▸ **Data shown**
---+---

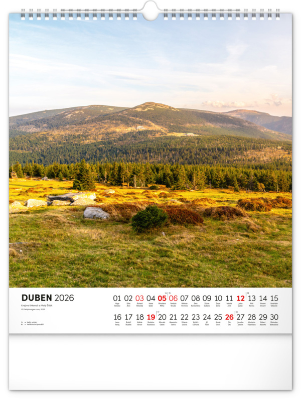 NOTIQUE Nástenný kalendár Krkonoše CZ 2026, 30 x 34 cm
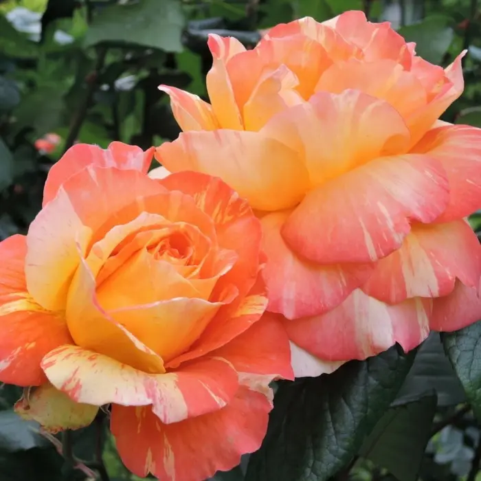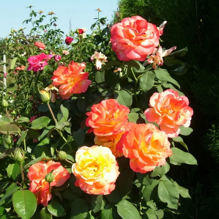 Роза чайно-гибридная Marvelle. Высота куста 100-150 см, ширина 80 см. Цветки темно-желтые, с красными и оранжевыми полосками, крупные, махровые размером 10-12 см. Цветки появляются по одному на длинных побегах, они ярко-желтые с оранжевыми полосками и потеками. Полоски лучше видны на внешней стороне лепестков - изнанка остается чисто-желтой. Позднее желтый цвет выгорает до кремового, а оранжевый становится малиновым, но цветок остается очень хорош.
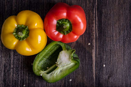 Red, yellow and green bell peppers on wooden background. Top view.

---+---

▸ **Exercise**
Copy the material above in full and exactly, skipping pictures.

▸ **Task result**
 NOTIQUE Nástenný kalendár Krkonoše CZ 2026, 30 x 34 cm
 Роза чайно-гибридная Marvelle. Высота куста 100-150 см, ширина 80 см. Цветки темно-желтые, с красными и оранжевыми полосками, крупные, махровые размером 10-12 см. Цветки появляются по одному на длинных побегах, они ярко-желтые с оранжевыми полосками и потеками. Полоски лучше видны на внешней стороне лепестков - изнанка остается чисто-желтой. Позднее желтый цвет выгорает до кремового, а оранжевый становится малиновым, но цветок остается очень хорош.
 Red, yellow and green bell peppers on wooden background. Top view.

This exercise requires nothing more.